The courts and family law practitioners have recognized this problem.  Working with state legislatures, they created roles (e.g., parent facilitators, parent coordinators, decision makers, special masters) for professionals to provide oversight and guidance to families struggling with the litigation aftermath.   The goal of such intervention is modest: Maintain reasonable order and good behavior rather than transformation of attitudes and mindset.  Evidence exists that such interventions can reduce the frequency of additional litigation (see Henry et al., 2009) but, as expected, do not impact parents’ negative perceptions of their co-parenting relationship (see APA Parenting coordination project, 2010). In other words, judges may be pleased that these families appear less frequently in their court rooms, but the parents are not any more pleased or trusting of one another than before. 

When the court recognizes that one or both parents are likely to engage in further bad behavior, it may also write orders with clear behavioral expectations – and equally clear consequences for failing to comply. These types of orders can be effective, although they require one of the parties to bring transgressions to the court’s attention before the consequences can be applied.

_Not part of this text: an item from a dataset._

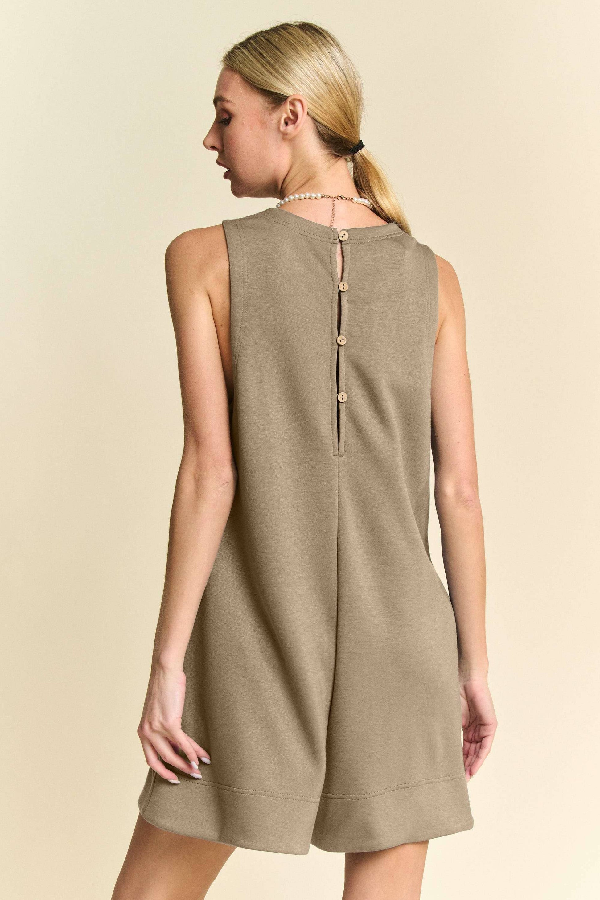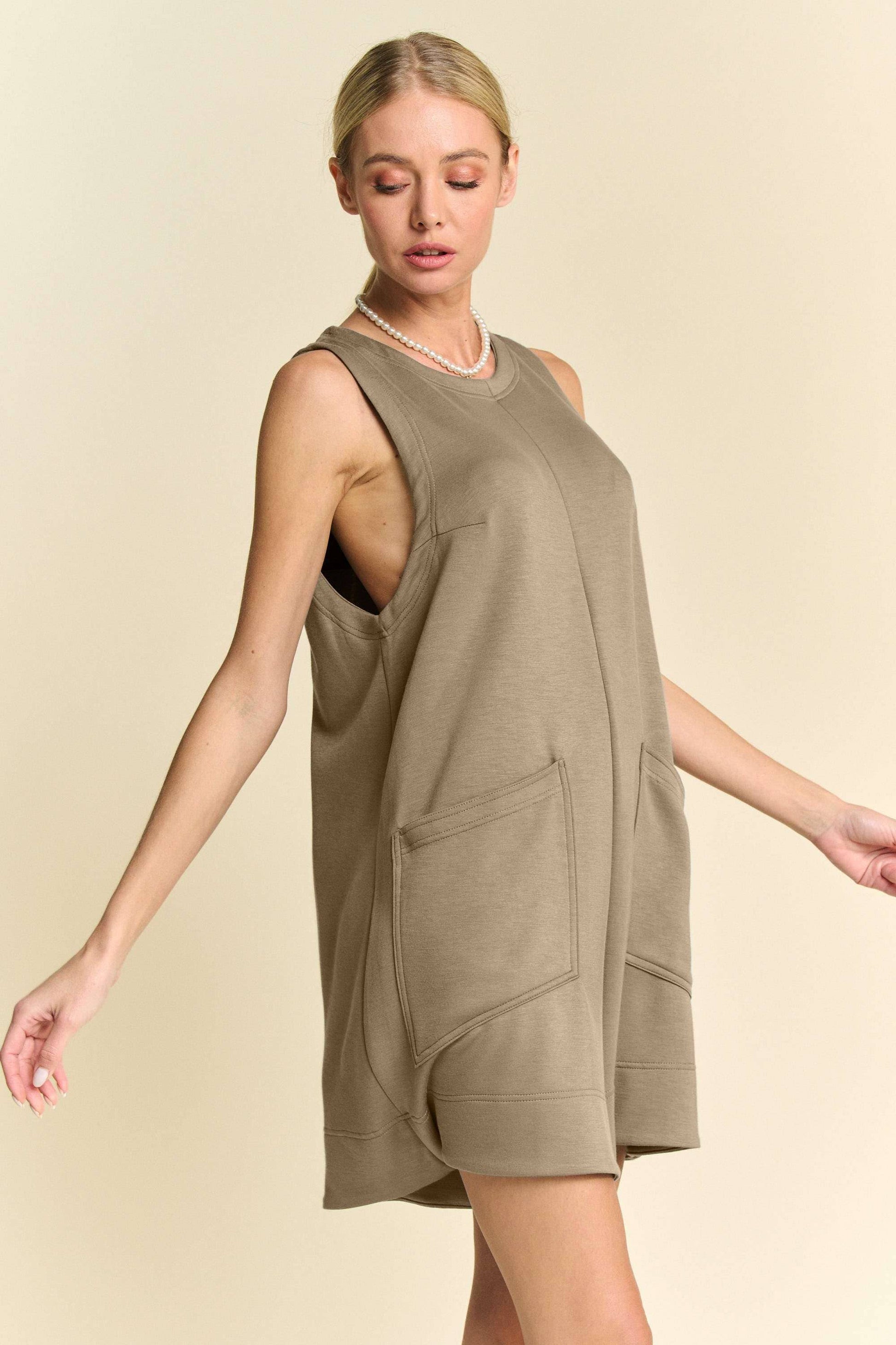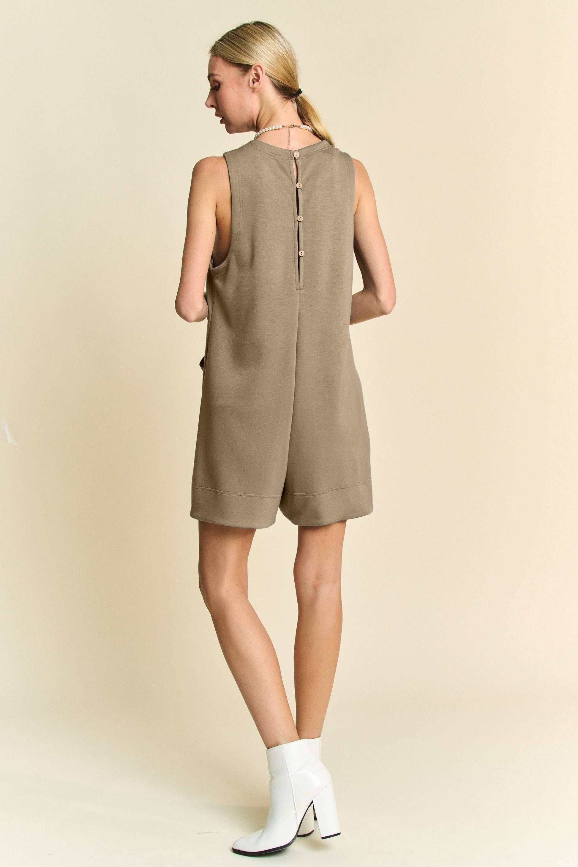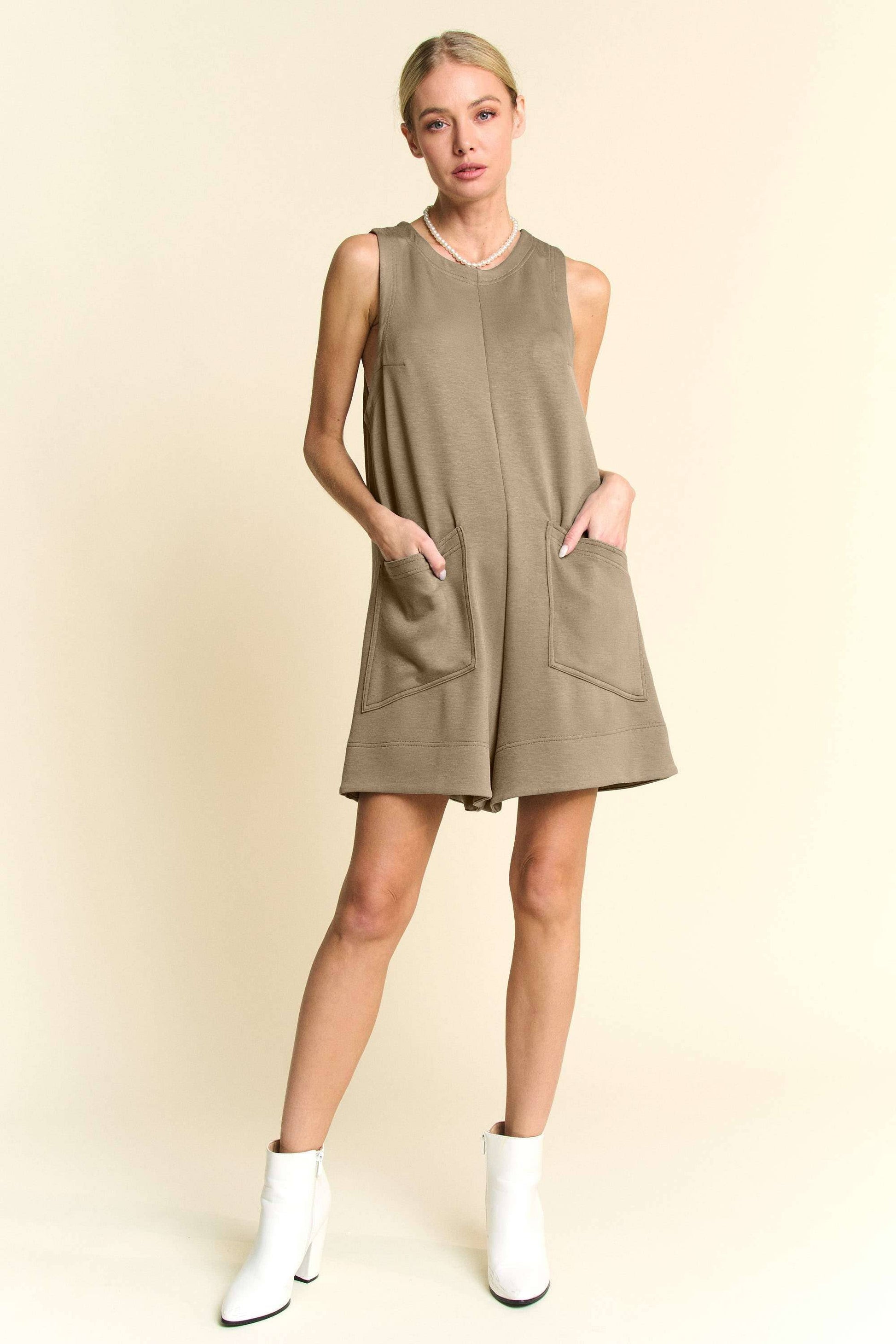 Soft knit crew neck front pouch pockets wide opening leg comfy romper

I think it is important to note that these programs are a reaction to a problem, rather than an effort to prevent it at the outset.   I said in the beginning of this post that planning for the aftermath of litigation was often missing during the run up to trial. This is where I perceive that family law practitioners, particularly family lawyers, could be helpful.  By insisting that their clients plan for the aftermath, to consider what would be “good” and “bad” behavior regardless of the outcome, and to develop a picture in their mind’s eye of how they want to act and to be perceived by their children, lawyers can help their clients first picture, then plan, then act accordingly.  We coach children what it means to be a good winner and how not to be a sore loser before their first competition.   And with reminders and practices, such coaching usually works.